EU Smart Contract “Kill Switch” Mandate Won’t Kill Crypto

On March 14, the European Parliament voted for new data controls to be included in a major bill designed to address data privacy without stifling innovation. A new clause in the bill known as the Data Act requires all smart contracts to include a “kill switch”.

In the IT world, administrators typically use the kill switch mechanism to shut down a device, network, or software in the event of a security threat. In a smart contract setting, a kill switch can either destroy the contract or deploy a stop, update, and re-release of the contract in the event of a major failure or breach.

Shahar Shamai is Chief Technology Officer and co-founder of GK8a crypto self-custody platform.

While the intent of the regulators was to give people more protection over their own personal information, the move has raised concerns in the Web3 community. Some fear that a kill switch mandate will curb the decentralization of smart contracts by giving one person or group of people the power to shut down operations.

Others argue that this kill switch provision will lead to unavoidable security flaws.

Some people may remember an incident that occurred in August when decentralized exchange (DEX) OptiFi accidentally activated a kill switch to its mainnet, causing it to be permanently shut down and lose $661,000 worth of USDC stablecoin tokens. this kill switch was not used in a smart contract setting, it sheds light on the risks that classic kill switches create for crypto-related businesses and projects.

Many smart contracts can store value rather than simply representing ownership of assets located elsewhere. As such, activating a kill switch that actually destroys the smart contract will essentially wipe out all the value held, and should not be used. What’s the point of protecting consumers with a kill switch if you lose all the value stored in the smart contract?

I also share the concern for safeguarding decentralisation, mostly because decentralization is a crucial safeguard for the community’s values. We have all witnessed cybercriminals zeroing in on centralization points for hacking purposes because these centralization points give them access to multiple assets in one fell swoop.

Nevertheless, it is important to remember a few things. First of all, some smart contracts already include some form of a kill switch, and many users probably don’t even know it. Second, there are clear advantages to deploying such functionality into a smart contract, especially considering that there are ways to minimize centralization while maximizing security.

A kill switch’s form, application and function can vary drastically depending on the industry and business, or even the type of device. For blockchain-based businesses, projects and protocols operating within EU territory, perhaps the most important place to start is what kind of smart contract breakers make the most sense for users and regulators.

The term “kill switch” immediately brings to mind a self-destruct button. But the language of the data act is currently vague. Instead of a self-destruct button, consider the option of a pause function. The pause functionality, unlike a classic kill switch, will not completely wipe out the smart contract (and its value) because it can be resumed.

For example, if a smart contract is compromised, the contract administrator can use the pause function, which essentially freezes the smart contract. After the situation is rectified and stabilized, the interrupt functionality can be activated and resume the smart contract.

The pause functionality is not uncommon in the blockchain and crypto space.

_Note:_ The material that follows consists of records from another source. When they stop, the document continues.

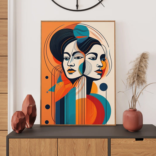 Minimalist Abstract Line Art Faces Wall Art Print – Digital Download PDF | Modern Bold Color Home Decor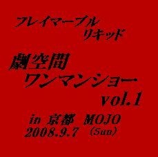 フレイマーブルリキッド、ワンマンライブを行います!! 会場は京都烏丸mojoにて!! 皆様のご来場心よりお待ちしております 会場 京都mojo 開催日時 2008.9.7 open 19:30 / start 20:00 料金 adv ¥2000 / door ¥2300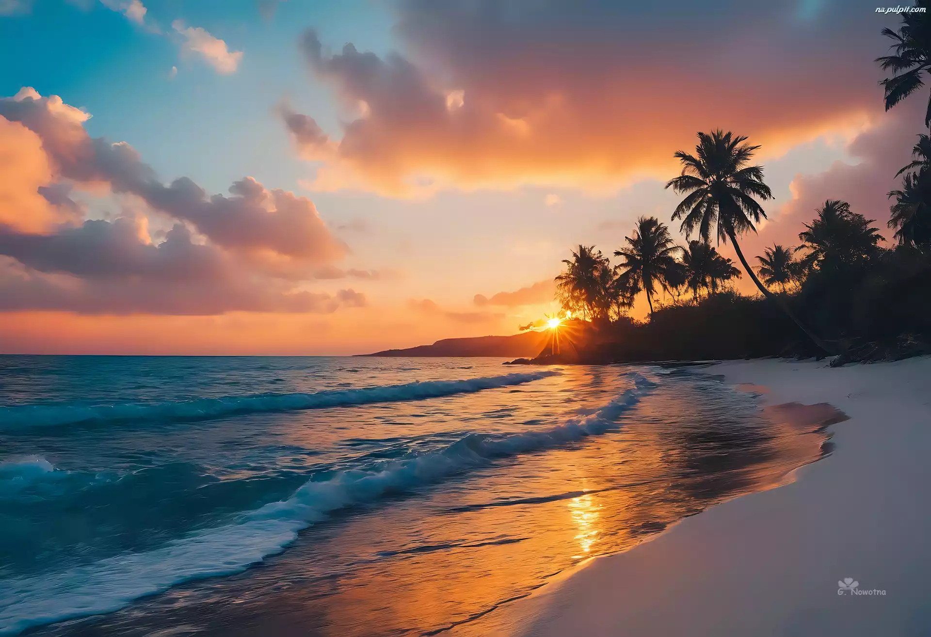 Zachód słońca, Morze, Plaża, Chmury, Palmy Na Pulpit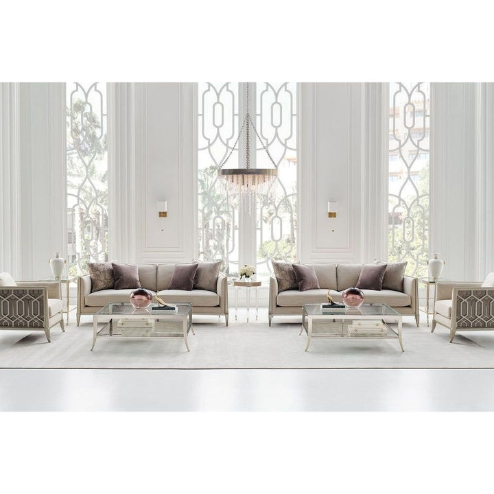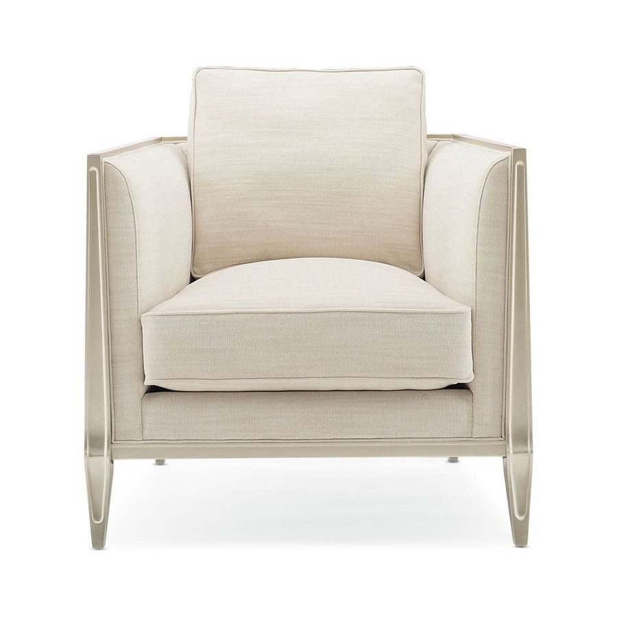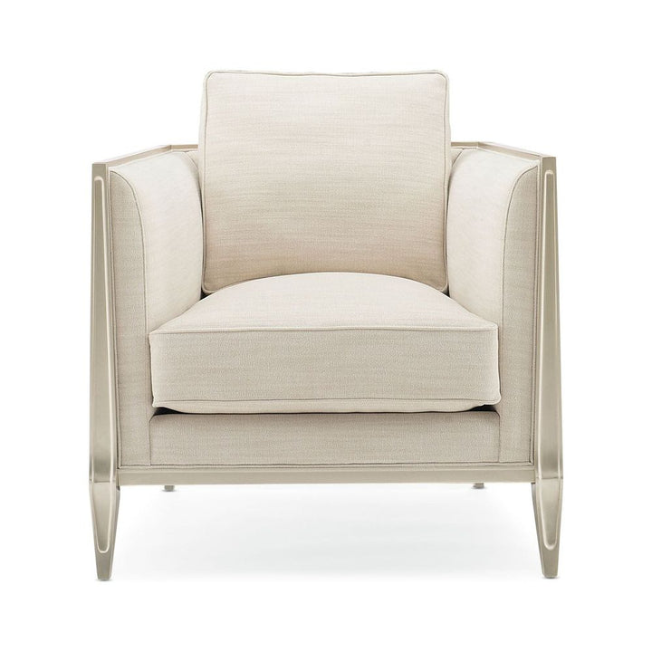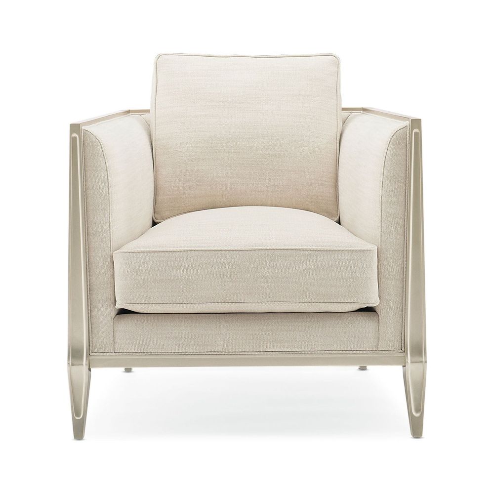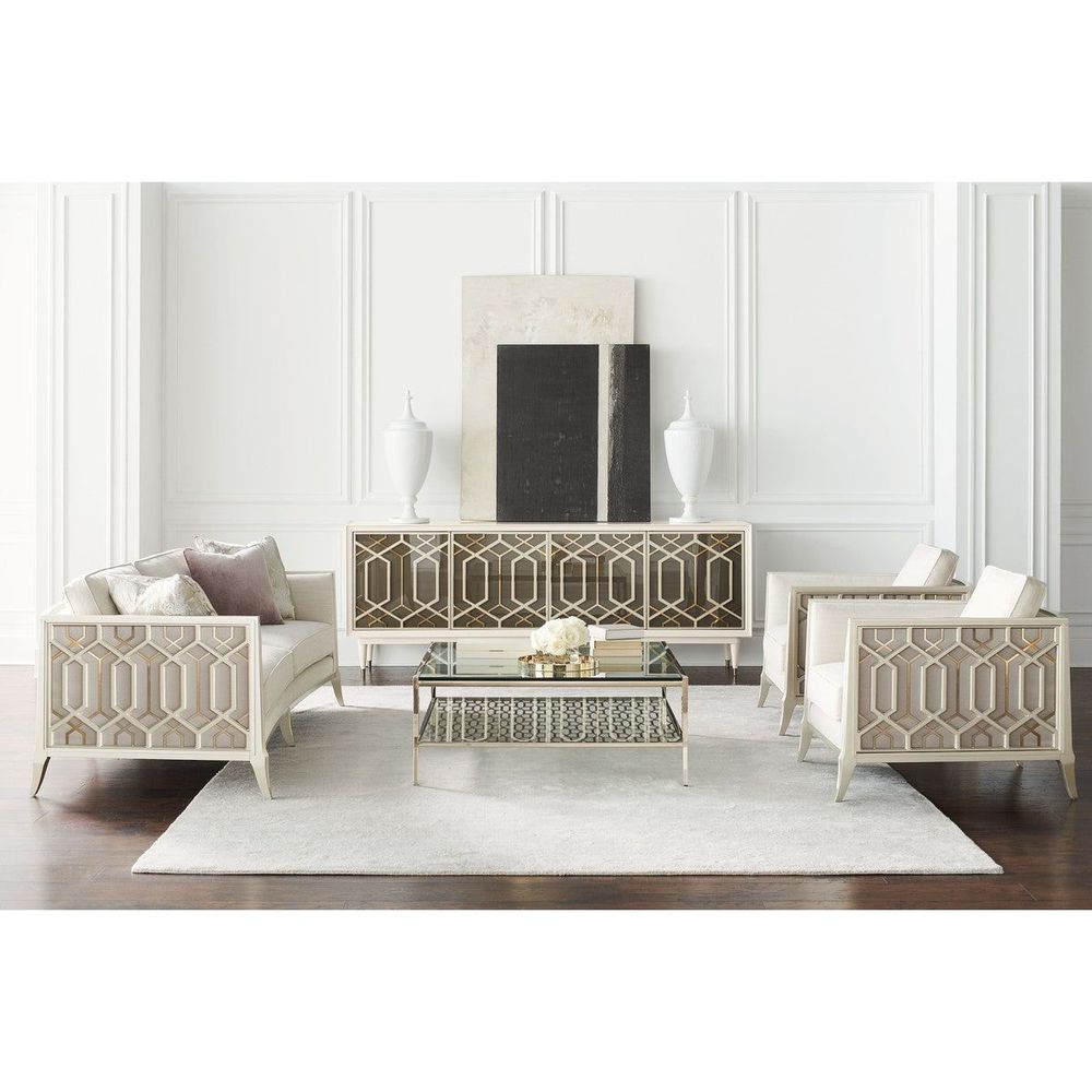 On a balcony railing of a former palace converted to a hotel in India is a carved pattern that was the muse for the pierced design found on this chair's outer arms. The idea of layering metal fretwork behind the wood was inspired by the dual shadow cast on the balcony by the setting sun through the railing's design. Creating a high-fashion look unique to itself, these elements are highlighted with illuminating shades of Soft Silver Paint and Champagne Gold and an exquisite cover.

Tether, the producer of leading stablecoin USDT, also uses the pause function, as shown in the smart contract’s code on Etherscan.

Compared to a classic kill switch mechanism, the pause function represents a better fail-safe. Not only does it protect the network if caught in time, it also saves the contract – and its funds – by enabling it to resume operations.

To pause the smart contract, code administrators must use the system’s private key. However, once a private key is used online, it becomes vulnerable to cyber attacks. In theory, access to this private key could give hackers administrative rights to the entire contract and have serious implications for the immutability of smart contracts.

So how can smart contract administrators implement a pause feature without jeopardizing the security of the entire smart contract?

The answer is surprisingly simple: use different keys. One that enables the pause functionality and another that enables the cancel functionality. For added security, store these different keys in an offline manner. Separating the pause and cancel keys and storing both in a truly offline manner strengthens the security of the smart contract and eliminates potential points of failure.

This method still raises questions about centralization in crypto apps. Achieving full decentralization may not be possible under the best of circumstances, and will be even more difficult under EU rules.

However, the problems of centralized control of imposed kill switches can be greatly reduced by using a multi-signature authentication protocol. In this scenario, emergency powers to press the pause switch can be provided for immediate action (for example, in case of a hack or a bug). The interrupt switch may require a quorum approval.

This group of trusted parties or community members, given the authority to enable the pause feature, will ensure that no individual or entity has complete control over a smart contract.

Another best practice is to change the admin keys when a kill switch is applied or reversed, because the moment they are applied, they go online and therefore become vulnerable to cyber attacks.

The EU’s privacy, technology and crypto regulations have so far proven to be quite transparent and forward-looking, and with time the scope of this new “kill switch clause” will become clear. In the meantime, developers with smart contracts would do well to do their due diligence regarding the deployment of the pause functionality.

By using the pause method, separating the keys, and establishing a multi-signature authentication of the recovery button, smart contracts do not have to self-destruct in the event of a security breach, while gaining greater security and limited centralization.